🤖 AI Summary
Enhancing large language models’ (LLMs) reasoning capabilities typically relies on extensive proprietary data and computational resources; moreover, existing model merging methods require manual hyperparameter design, entail high exploration costs, and suffer from limited generalization. Method: This paper proposes the first automated model fusion framework, introducing two novel search spaces—Layer-wise Fusion Search (LFS) and Depth-level Integration Search (DIS)—and integrating multi-fidelity optimization, Bayesian-guided multi-objective evolutionary search, and a lightweight validation surrogate model to discover fine-grained, zero-retraining fusion strategies within <500 iterations. Contribution/Results: The automatically discovered fusion policies consistently outperform individual models and hand-crafted merging baselines across multiple benchmarks.
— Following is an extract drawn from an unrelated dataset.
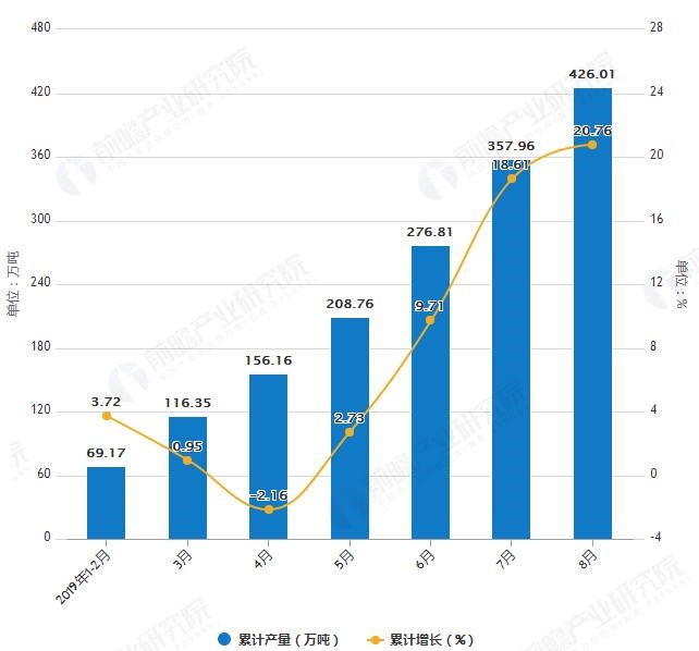 據國家統計局統計數據顯示,2019年1-2季度湖南省飲料產量有所增長,2019年7月湖南省飲料產量為59.91萬噸,同比增長21.08%。2019年1-8月湖南省飲料產量為426.01萬噸,同比增長20.76%。

They not only improve performance on downstream fine-tuned tasks but also, for the first time, construct a cross-task Pareto-optimal frontier, demonstrating superior generalization and efficiency.
📝 Abstract
Reasoning capabilities represent a critical frontier for large language models (LLMs), but developing them requires extensive proprietary datasets and computational resources. One way to efficiently supplement capabilities with is by model merging, which offers a promising alternative by combining multiple models without retraining. However, current merging approaches rely on manually-designed strategies for merging hyperparameters, limiting the exploration of potential model combinations and requiring significant human effort. We propose an Automated Model Merging Framework that enables fine-grained exploration of merging strategies while reducing costs through multi-fidelity approximations. We support both single and multi-objective optimization and introduce two novel search spaces: layerwise fusion (LFS) and depth-wise integration (DIS). Evaluating across a number of benchmarks, we find that the search autonomously finds 1) Merges that further boost single-objective performance, even on tasks the model has already been finetuned on, and 2) Merges that optimize multi-objective frontiers across tasks. Effective merges are found with limited compute, e.g. within less than 500 search steps.